La chair en mutation
Comme le dit Veronica quand elle fait l’amour à Seth Brundle dans La Mouche, la chair rend bien fou chez Cronenberg. Plus tard, le corps métamorphosé de Seth va lui-même partir en une bouillie de chairs. Ses oreilles, ses ongles, ses dents s’en désolidarisent comme des prothèses mal fixées. Seth donne alors raison à Veronica en préservant ses organes dans des pots comme des reliques assurant à sa chair une vie éternelle (« Long Live to the new flesh » annonçait déjà James Woods dans Vidéodrome alors que les entrailles de sa victime tressautaient à l’air libre, déchirant les sutures de sa chair).
Le corps devient un formidable terrain d’expérience cinématographique et la technologie en est son excroissance. Cronenberg la traite d’ailleurs comme une machine organique et orgasmique qui métamorphose les êtres (La Mouche, Faux semblants) et les excite dans la même pulsion (Crash, eXistenZ). Car en effet, de l’abdomen qui s’ouvre de James Woods comme un vagin dans Vidéodrome à la cicatrice tout aussi vaginale qui balafre la cuisse de Rosanna Arquette dans Crash en passant par les pods que l’on tripote comme des sex toys dans eXistenZ, on ne compte plus les hybridations sexuelles qui parsèment ses films. Prix spécial du jury à Cannes en 1996, Crash est sûrement celui qui mêle le plus explicitement corps et technologie. Les accidents de bagnoles y sont moins des traumatismes que des stimulations à un désir ne reculant devant aucun point de suture.

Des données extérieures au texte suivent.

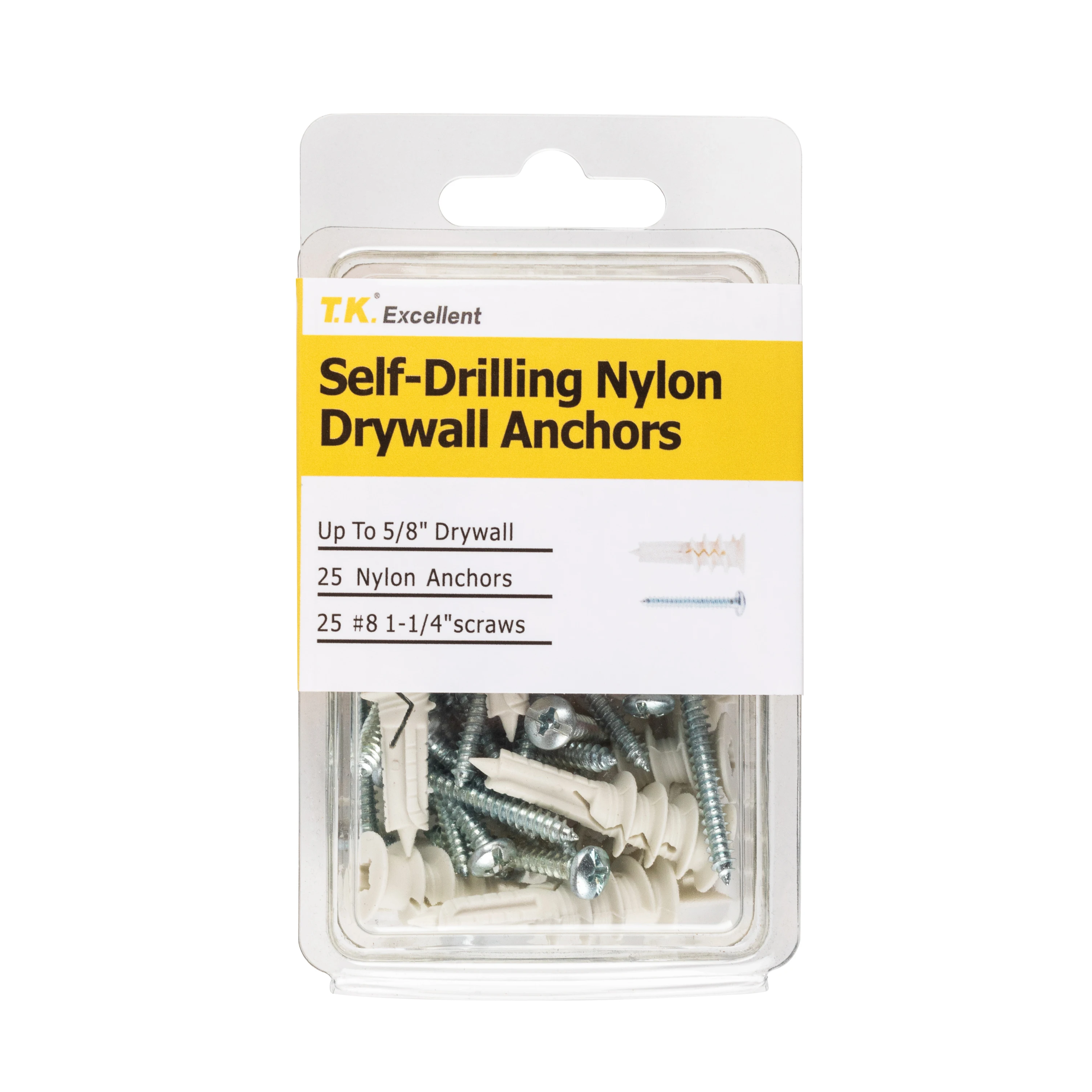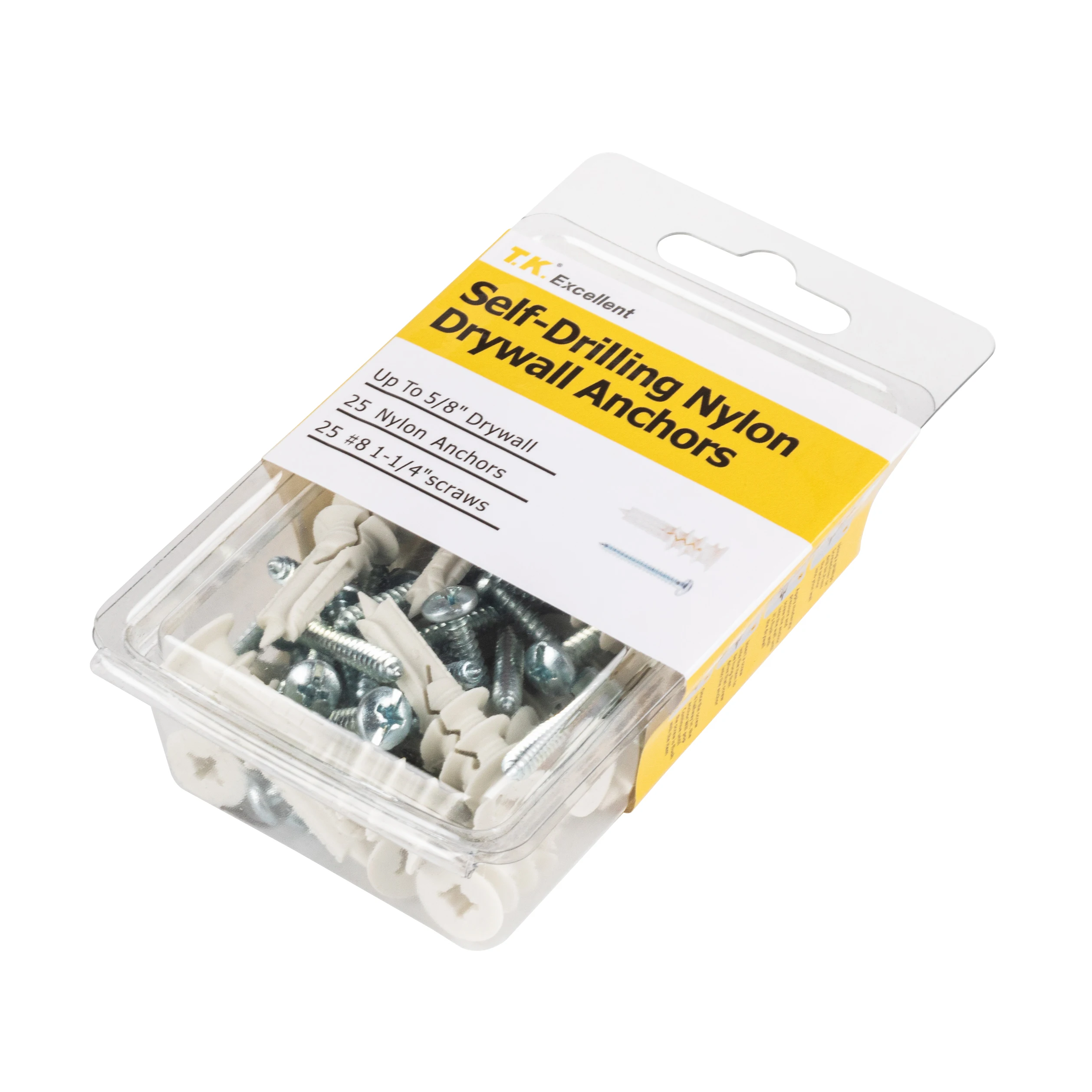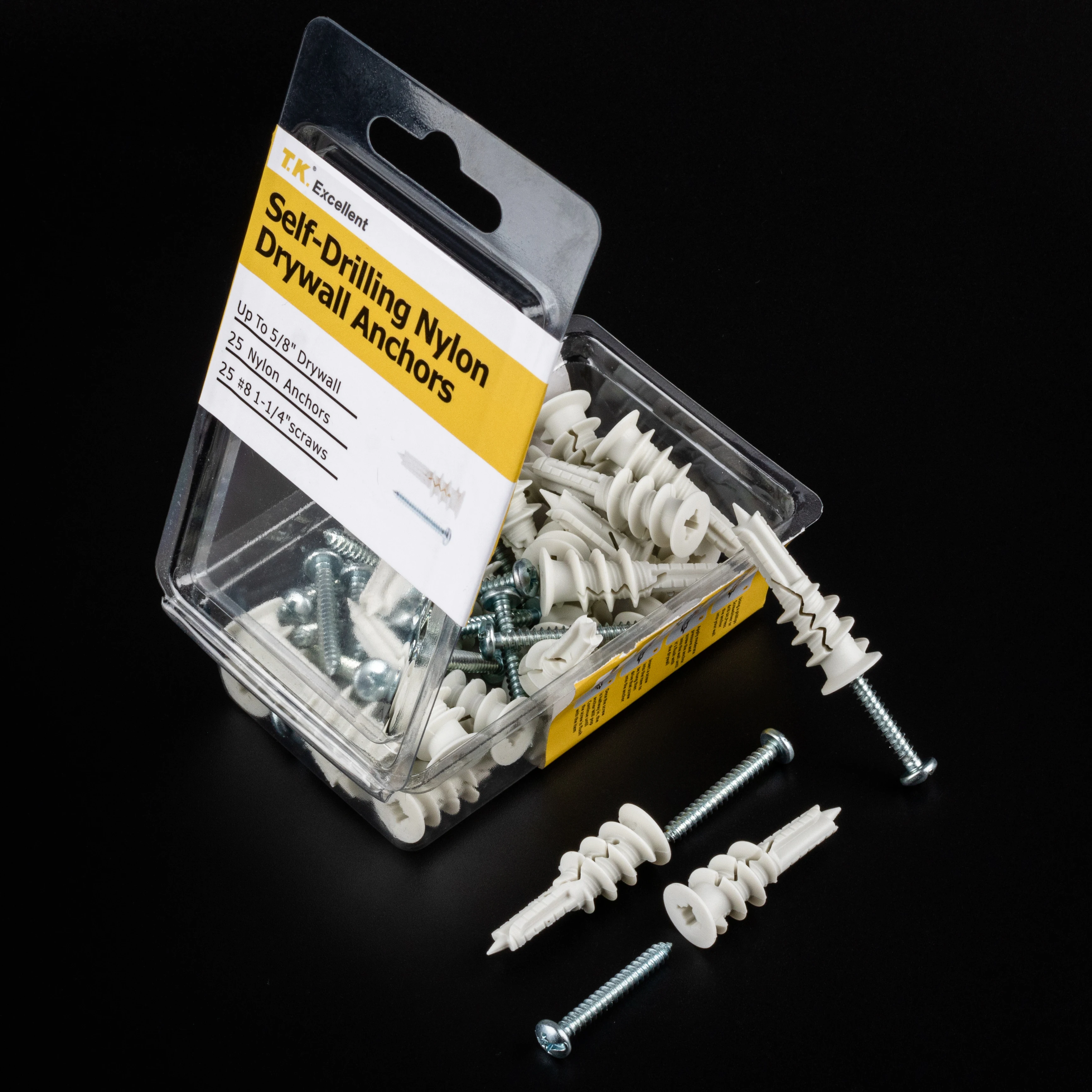 25 наборов самосверлящих гипсокартона пластиковых якорей с винтами

De l’horreur viscérale de ses premiers longs aux sidérantes échappées psychotiques des derniers, Cronenberg parle toujours d’une monstruosité qui pourrit à l’intérieur de ses personnages. Il expliquait ainsi aux Cahiers du Cinéma, en 1979, que « la monstruosité n’est pas le fruit d’une terre héréditaire que l’on finit par accepter mais au contraire, on la sécrète soi-même, lente excroissance longuement couvé et fortement désiré« .
Huis clos
Il ne fait pas bon d’être claustrophobe chez Cronenberg. À chaque fois, ses personnages prisonniers d’un corps monstrueux ou d’un esprit malade sont également terrés dans des intérieurs glauques (La Mouche, Spider) ou sans âmes (la limousine blanche dans Cosmopolis, métaphore de la froideur capitaliste).
Le temps et l’espace se condensent ainsi sous la forme de huis clos en rupture avec le monde extérieur. Le fantastique n’est alors qu’un prétexte pour dérouler la tragédie. C’est l’utérus retourné hors du corps dans Chromosome 3 qui montre jusque dans la chair malmenée la douleur du divorce. C’est également la métamorphose puis la lente agonie de Seth Brundle dans La Mouche qui ne parle que d’une seule chose : comment accompagner l’être aimé dans la mort ?
Si certains jugent ces films éprouvants, c’est qu’ils sont avant tout le miroir monstrueux d’une société malade où d’une minute à l’autre un cancer peut nous emporter. Face à cette fatalité, Cronenberg, qui ressemble de plus en plus à Beckett, réinvente la sexualité et son champ des possibles, évoque un alien sex complètement débridé où la voiture ne servirait plus qu’à faire l’amour (Crash) ou à y mener de sombres affaires (Cosmopolis).